New Labor leader seeks sweeping powers

Labor Party leader Avi Gabbay does not have the power he wants in his new post.

Avi Gabbay, the leader of Israel's centre-left Labour party, delivers his victory speech after winning the Labour party primary runoff, at an event in Tel Aviv, Israel July 10, 2017. (photo credit: REUTERS)
Avi Gabbay, the leader of Israel's centre-left Labour party, delivers his victory speech after winning the Labour party primary runoff, at an event in Tel Aviv, Israel July 10, 2017.
(photo credit: REUTERS)
New Labor Party leader Avi Gabbay announced on Sunday that he intends to seek increased power for his post ahead of the next general election, including the right to choose four of the party’s candidates for the next Knesset.
Gabbay, who was elected July 10, realized that the post does not give him the power to make key decisions or to allocate funds for initiatives that he believes are essential to prepare the party for the next race. At the next Labor convention, whose date has not yet been set, he will ask to receive some of the authority currently given to that party’s secretary-general, Eran Hermoni.
“To win the next election, Labor must update the tools at its disposal and give its leadership the ability, the resources, and the authority necessary for the party,” Gabbay said. “These changes would give the party a significant boost in its goals of reaching out to the wider public and present a proper alternative.”
The most controversial change Gabbay intends to request is the right to select four candidates in realistic slots for the next Knesset, two of who would be placed in the top 10 on the list.
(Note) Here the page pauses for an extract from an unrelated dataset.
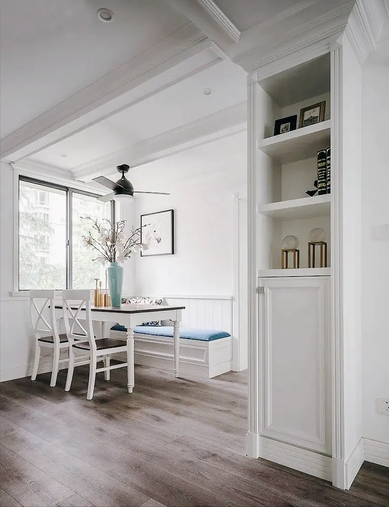 A row of cards with storage function is designed on the side of the dining table against the wall, which not only increases the storage space, but also makes the restaurant look more transparent and spacious.

Possible candidates for those slots include former prime minister Ehud Barak, former defense minister Moshe Ya’alon, and MK Tzipi Livni, who formed a joint list with Labor ahead of the last election called the Zionist Union.
Channel 10 reported Sunday night that Barak would turn down a reserved slot. Gabbay has repeatedly said he wants Livni to stay with Labor. But he has never said he would permit her to choose additional Knesset candidates as former Labor chairman Isaac Herzog did ahead of the last election.
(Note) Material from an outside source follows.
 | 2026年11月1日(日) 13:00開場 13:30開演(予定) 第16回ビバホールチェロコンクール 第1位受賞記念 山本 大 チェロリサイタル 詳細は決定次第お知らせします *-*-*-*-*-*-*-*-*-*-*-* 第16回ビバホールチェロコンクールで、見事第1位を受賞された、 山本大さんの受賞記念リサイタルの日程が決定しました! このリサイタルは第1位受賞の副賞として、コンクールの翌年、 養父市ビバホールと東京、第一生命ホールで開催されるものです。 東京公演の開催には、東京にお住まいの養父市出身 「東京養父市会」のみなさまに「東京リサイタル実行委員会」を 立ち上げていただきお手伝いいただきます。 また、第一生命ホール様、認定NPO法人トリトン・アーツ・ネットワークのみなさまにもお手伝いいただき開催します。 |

The new Labor leader also wants the right to choose Labor’s faction head, Knesset committee chairmen and which MKs will serve on each committee. Because he is not an MK, Gabbay has not had a role in how the faction is run in the parliament.
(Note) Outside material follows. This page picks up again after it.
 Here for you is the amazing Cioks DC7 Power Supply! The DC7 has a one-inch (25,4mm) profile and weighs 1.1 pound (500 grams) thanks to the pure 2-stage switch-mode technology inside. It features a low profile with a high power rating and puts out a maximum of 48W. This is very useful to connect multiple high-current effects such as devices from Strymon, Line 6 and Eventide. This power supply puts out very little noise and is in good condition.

Other proposals by Gabbay include adding transparency over the party’s finances and extending the tenure of the party’s institutions. Not one Labor MK chose to challenge the new party chairman immediately, though privately some said he would have a difficult time passing the moves in party institutions.
Only Hermoni, whose reserved seventh slot on the Labor list would not be maintained according to the plan, lashed out at Gabbay. He called upon the Labor leader not to make such drastic changes and vowed to use party institutions to block them.
“Labor is a party that is open, vibrant, and democratic, with a system of checks and balances, and I will make sure it stays that way,” Hermoni said. “Changing Labor from a party of the masses to a one-man show will distance voters and the chances of winning the next general election.”